Combination of Ensemble Learning Based Models to Classify 12-Lead ECGs

Mohammed Baydoun1, Lise Safatly2, Hassan Ghaziri1, Ali Hajj2
1BRIC, 2American University of Beirut


Abstract

This work deals with the Physionet 2020 challenge which targets Classification of 12-lead ECGs. The challenge deals with a 9-class multi-label output that should be predicted for each input. The labels can be normal and others such as Atrial Fibrillation and several cardiac abnormalities. The provided data includes the 12-lead ECG record in addition to the age and gender of the patient besides the diagnosis. The preliminary approach relies on detecting the R-peaks information of each of the 12 leads using the Pan-Tompkins algorithm followed by combining the output of each lead into a more accurate R-peaks localizer. Afterwards, each of the P, Q, S and T peaks are detected based on their vicinity to the found R peak. This is then followed by extracting several features that utilize time, peaks and statistical information such as the mean RR interval, mean R peak value, standard deviation of these and others for each found peak. This leads to a feature vector for each lead. Then, the median and the standard deviation of these vectors are found and combined with all the feature vectors to provide a feature vector of more than 3000 features. This can be utilized as an input to a classification system to obtain the output.

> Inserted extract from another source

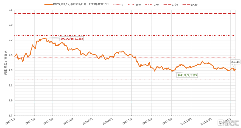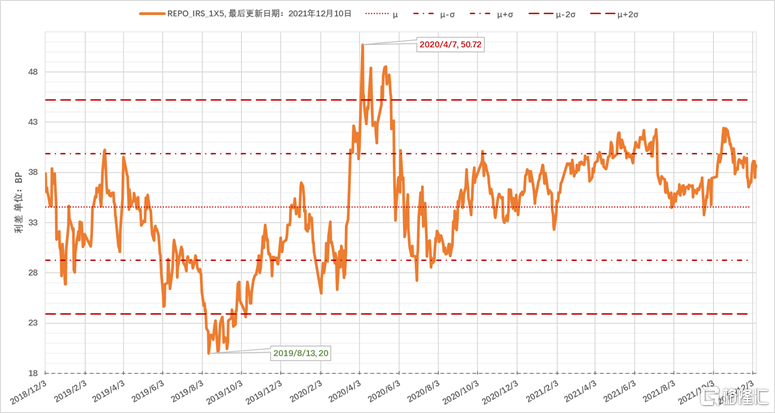 1年期FR007利率互換全年波動區間爲2.28%~2.73%(共計44BP),近三年標準差爲0.2936。當前固定端利率爲2.3025%,與2020年7月利率水平較爲相近,從過去三年的統計數據來看,約在13.0%的歷史分位水平。

The work utilizes 9 different binary classifi-ers with one for every output. The classification systems are all ensemble models and include Adaboost, GentleBoost and RUSBoost classifiers. This leads to 9 binary outputs that are combined to yield the output. The proposed algorithm was checked both locally by utilizing 5-fold cross-validation and on the initial test set. The scoring function is the geometric mean of two scores. The first is the class-weighted F-score and the second is a generalization of the Jaccard measure (G-score). We provide the results in the shown tables.